In the Intel Intrinsics Guide, each intrinsic has Latency and Throughput characteristics that depend on the CPU architecture. The former means how long it takes for the CPU to complete the instruction, the latter has to do with how many operations we can perform at once, each of them being in the different execution phase. For instance, `_mm256_loadu_si256` that we were using for loading data into a vector, has the latency of 1 and the throughput of 0.25 on the Haswell architecture. Meaning, we can run up to 4 instructions per 1 CPU cycle. We don’t necessarily get the x4 performance because we are unlikely to have optimal conditions. This optimization applies to small loops only, so it should be suitable for our case. Using this knowledge and knowing our CPU architecture, we can unroll some vector instructions in the main block loop expecting at least some performance benefit.

According to Intel’s Developer Guide and Reference aligning data should also improve the performance of intrinsics.
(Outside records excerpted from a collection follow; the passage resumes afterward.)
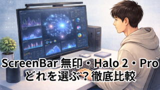 BenQ ScreenBar 無印、Halo 2、Proの違いを徹底比較!価格・機能・給電方式など基本スペックから、あなたに最適なモデルが分かる完全ガイド。初心者向けの無印、バックライト搭載のHalo 2、自動調光のProを詳しく解説します。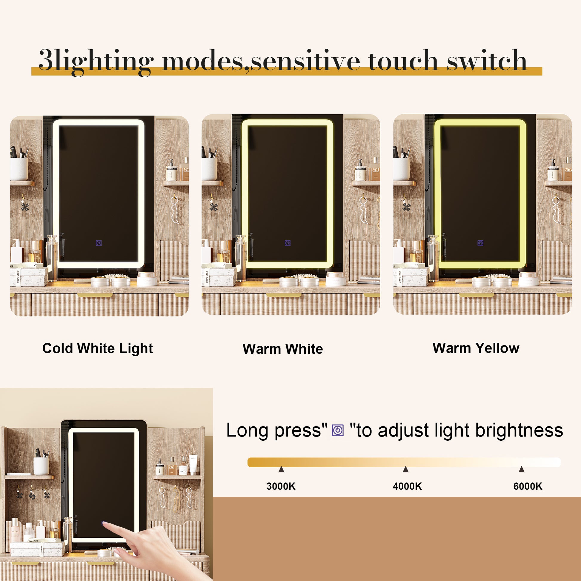 - Integrated LED mirror with three adjustable lighting modes for adaptable makeup application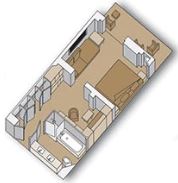 ![]() | Pinnacle Suite PS 126 m² vrátane verandy Veranda s teakovou podlahou 3. lôžko; veľká obývacia časť; 2 umývadlá, vírivá vaňa a extra sprcha; vlastný stereo systém; mikrovlnka a mraznička; veranda s vírivou vaňou. | ![]() |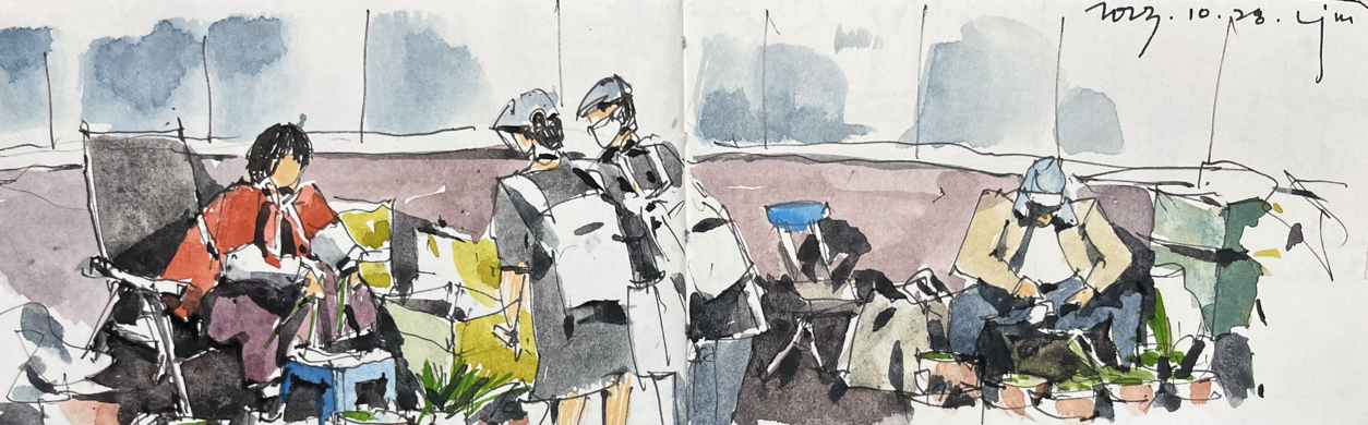어느 건물 모퉁이에 서서 잠시 계절을 잊은 나는 사람을 그리고, 사람들은 그러한 나에게 조금도 관심이 없으니 초상권 시비는 걸리지 않지 싶다. 쉬임 없이 지나가는 사람들. 동 시간에 머물지 않은 이름 모를 사람들을 한 화면에 그린다. 11시 10분의 사람, 11시 20분의 사람, 11시 25분의 사람……

In our code, we are not aware of memory alignment. Dealing with it, though, is not an easy job, but still doable. For example, we could search for the first aligned element and start with it processing previous elements without vectors. Applying this optimization we could use `LoadAlignedVector256` function. It gets translated to the `_mm256_load_si256` intrinsic which verifies that data is aligned.

## Conclusion

Indeed, the example we were going through is not very practical, but I hope it gives an overview of what hardware intrinsics are capable of. Since they are providing CPU specific functionality, we have to be aware of the hardware we run our code on. I guess you can see why the main rule of performance — always measure it — is especially important for intrinsics.

You can check out the code from this post on GitHub: HaystacksNeedlesAndHardwareIntrinsics.